DEMOCRATS DISAGREE. Having chafed under Republican rule for over a decade, the Democrats promised a more open and fair procedure and have, for the most part, been better than Republicans were during their final years in power. As one Democratic aide on the Rules Committee explained, “thus far in the 110th Congress, the Democratic-led Rules Committee has . . . passed four open rules so far this Congress, compared with three open rules for all of the last Congress (appropriations bills excluded).” The committee’s chairwoman, Rep. Louise Slaughter, adds “our record speaks for itself. I’m very proud that we have already had more openness in the Rules Committee in two months than Republicans had in the last two years.” A 2005 study of the recent Republican-led Congresses compiled by Democrats on the Rules Committee found that “Republicans criticized Democrats for limiting debate on 43 percent of bills sent to the House floor since 1987, but they limited debate a stunning 84 percent” of the time.
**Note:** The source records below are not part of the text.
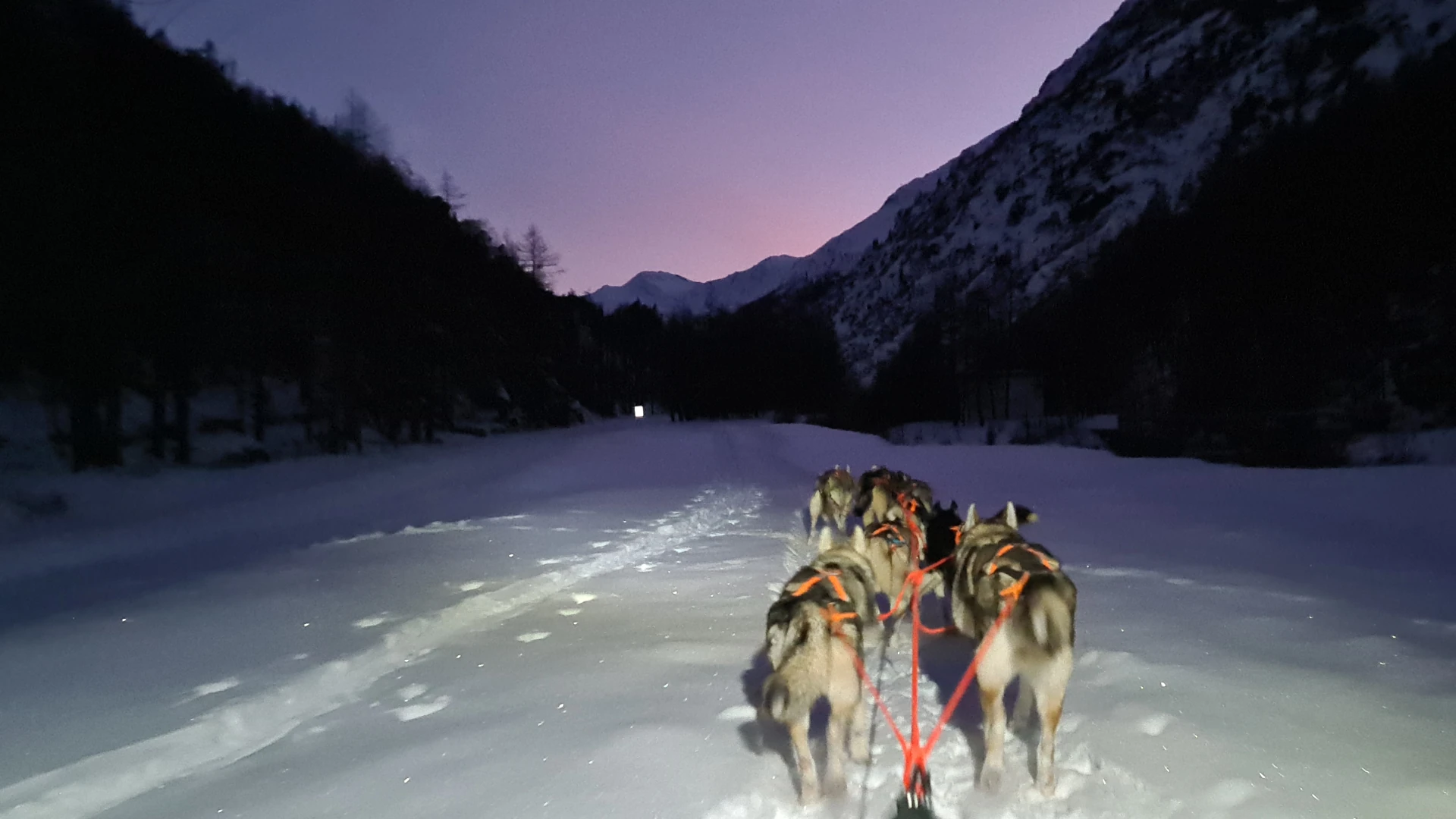 Der Event beginnt um 17:30 Uhr, wenn die Dämmerung einsetzt und der Mondschein die verschneite Landschaft von Zermeiggern in sanftes Licht taucht. Erlebt mit eurer Gruppe ein einzigartiges Wintererlebnis inmitten der stillen, tief verschneiten Wälder. Als Passagiere im Sportschlitten werdet ihr von einem kraftvollen Husky-Team über einen 2 km langen Trail gezogen – sicher geführt von unseren erfahrenen Guides.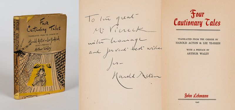 Four Cautionary Tales [Inscribed by Harold Acton to George Sylvester Vviereck]. Translated from the Chinese by Harold Acton and Lee Yi-Hsieh. With an introduction by Arthur Waley.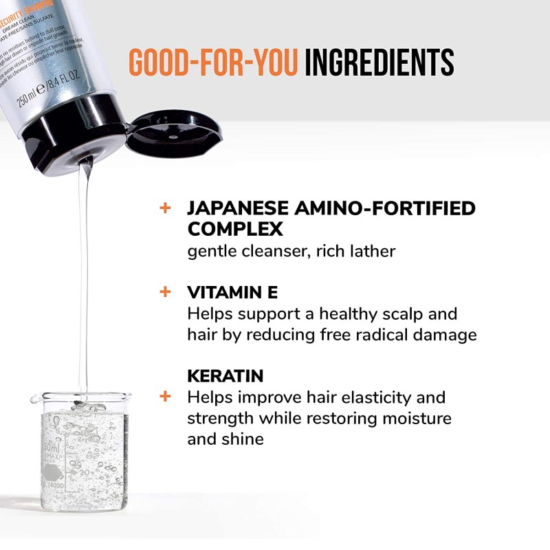 Perfect for all hair types, this shampoo is great for color-treated hair and safeguards against color fade. A great shampoo for thinning hair, curly hair, coarse hair, frizzy hair, oily hair, dry hair, damaged hair, fragile hair, or if you have extensions. Color Security Shampoo is safe for color treated and chemically treated hair, curly or textured, and hair that tangles easily. Every ingredient in our groundbreaking, 100% clean, sulfate-free formula rinses off completely. So you always end up with the cleanest, freshest, healthiest hair and scalp possible. Keep your color looking great without turning brassy or dull with Color Security Shampoo, and pair with Color Security Conditioner for perfect, protected shine.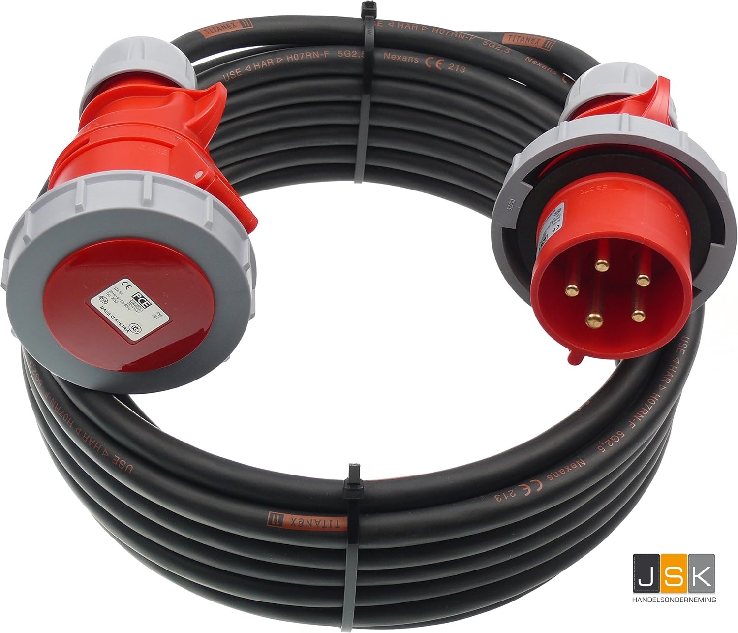 CEE 400V kracht verlengkabels met 4 of 5 polig 16A CEE contactmateriaal.

In the report, American Enterprise Institute scholar Norman Ornstein is quoted as having written in 2003 “if Democrats, when they were in the House majority, jammed through plenty of bills without Republican participation and turned off the moderate Members of the minority, their highhandedness was nothing compared to what House Republicans are doing now.” In a later column, Ornstein described the parliamentary techniques used to stifle debate as “the middle finger approach to governing.” Asked to judge the Democratic House thus far in terms of openness, Ornstein’s response was mixed. So far, Democrats have not done “terribly well,” he said, adding that “cumulatively it’s going to be not only damaging to a fair and open process, but frankly, it’s counterproductive for a party trying to stay in the majority.”
The Republicans are not blameless, however. “A minority party has responsibilities too, if they want an open process,” Ornstein said. “If you have an open amendment process and then you have a bunch of amendments put forward that are basically designed not to offer real alternatives but as gotcha amendments designed to basically trigger 30 second attack ads against vulnerable members, it’s almost going to be a guarantee that you’re going to get a shut-down or a slow-down on that process.”
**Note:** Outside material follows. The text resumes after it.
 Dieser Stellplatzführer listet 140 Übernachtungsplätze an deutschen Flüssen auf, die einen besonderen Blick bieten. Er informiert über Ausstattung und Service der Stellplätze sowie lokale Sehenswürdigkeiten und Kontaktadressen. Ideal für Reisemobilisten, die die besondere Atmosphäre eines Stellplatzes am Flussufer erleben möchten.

As Davis pointed out on the floor, that’s exactly what the Republican leadership was trying to do with Smith’s motion to recommit. The amendment was “put there to put Members in a difficult situation . . . this kills the bill,” Davis said. He voted against the rule closing debate on the bill, and echoed his Republican colleagues’ frustration when he told me “we ought to have a full debate on this. People ought to be able to weigh in.” But Davis hopes that procedural maneuvering will not get in the way when the bill comes up again in a couple of weeks: “The basic issue is, should D.C. residents, as the capitol of the free world, should they have the right to vote, and have a vote only in the House? That’s the question.”
Sonny Bunch is assistant editor at THE WEEKLY STANDARD.